In fact, during the early part of the Friday European session, the USD/CAD currency cross shot up to a fresh six-month peak. This explosive move exemplified bullish momentum following a recent bullish breakout. Traders are closely scrutinizing the pair’s activity versus key technical levels. They are closely monitoring outside market developments, particularly crude oil prices which have significantly affected the value of the Canadian dollar.
During Friday’s trading, the USD/CAD pair exhibited strength, indicating a potential to build on the momentum established from the previous day’s breakout above a crucial 200-day Simple Moving Average (SMA). The breakout indicates a new bullish trend has begun. Economists are under the impression that the duo will look to test the psychological 1.4100 mark. Such an accomplishment would continue to build upward momentum and put the 50% Fibonacci retracement level in view.

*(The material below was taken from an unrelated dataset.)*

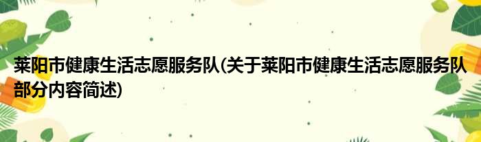 莱阳市健康生活志愿服务队(关于莱阳市健康生活志愿服务队部分内容简述)

Despite this bullish outlook, caution remains warranted. The daily RSI for the USD/CAD pair is currently trading right around overbought levels. There are signs that buyer pushback is coming soon. The 23.6% Fibonacci retracement level has been an important line in the sand for traders. It shows you areas where price is likely to reverse or change direction.
Now the Loonie, as the Canadian dollar is nicknamed, is again under pressure as crude oil continues to fall. This dramatic decline has turned out to be a powerful tailwind for the USD/CAD currency pair. This squeeze has brought the pair right up against its weekly low. Traders are now fearful of follow-through selling that could take it below the 1.3900 level. If so, the next area of support worth watching could be around 1.3865-1.3860.
Market analysts are keenly focused on the USD/CAD pair. If it falls under the 1.3840 area, they expect a move to a predominantly bearish outlook. Any eventual corrective slide in the currency pair should produce a fine buying opportunity. Watch for pullbacks to around the 1.3980-1.3975 area, a zone where the 200-day SMA currently resides.
Traders are intensely focused on these dynamics. They further acknowledge that the USD/CAD cross is on track to complete its third consecutive week in the green. Bulls are becoming more bullish on this trend. They’re understandably still gun-shy, as there’s not been any meaningful continuation buying beyond that important 38.2% Fibonacci retracement level.
If you’re bullish onto the USD/CAD pair, new positions likely should wait for a solid move above 1.4030-1.4035 zone. That area represents an important, multi-month top. Such a development would provide the basis for continued upward movement and greater confidence from market actors.